Rather than pursuing a traditional unsupervised clustering optimization—such as variance maximization via the Elbow Method—this work evaluates the efficacy of density-based clustering algorithms in replicating a physically motivated halo-based group finder.
We aim to identify the optimal hyperparameter configurations that allow these algorithms to recover the underlying dark matter halo membership of galaxies, effectively using the halo-based catalog as a benchmark for physical validity.
Loading data files
## [1] "C:\\desarrollo\\astro\\tfm\\data\\sdss\\"
## 'data.frame': 396068 obs. of 9 variables:
## $ GAL_ID : int 35940 35943 35951 35953 35955 35956 35959 35962 35978 35979 ...

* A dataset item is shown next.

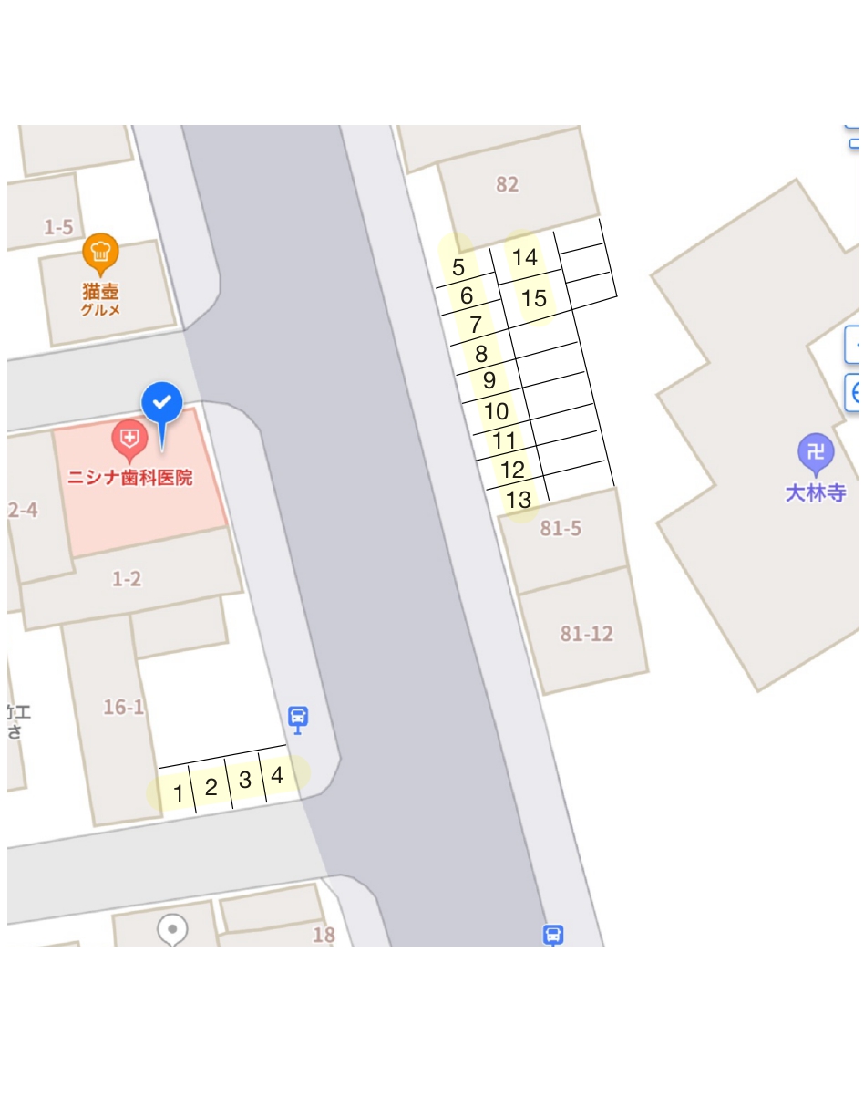 •医院側 角、現在工事中の隣(4台) 図の1-4

## $ ra : num 241 242 242 243 244 ...
## $ dec : num -0.41692 -0.41969 0.00057 0.00268 0.00241 ...
## $ x : num -0.0146 -0.0226 -0.027 -0.0356 -0.0283 ...
## $ y : num -0.0264 -0.0432 -0.0501 -0.0714 -0.0579 ...
## $ z : num -2.19e-04 -3.57e-04 5.67e-07 3.73e-06 2.71e-06 ...
## $ redshift: num 0.0304 0.0493 0.0577 0.0813 0.0654 ...
## $ dist : num 0.0302 0.0487 0.0569 0.0798 0.0644 ...
## $ GROUP_ID: int 68415 68416 2231 23723 68418 68419 68420 68422 68423 68424 ...
To assess the outcomes we will based our analysis on tree basic concepts:
Purity(P): measure of output-cluster: proportion of members coming exclusively from a single true group, providing confidence that the algorithm correctly groups members together. A high purity rate indicates the algorithm’s effectiveness in identifying true groups.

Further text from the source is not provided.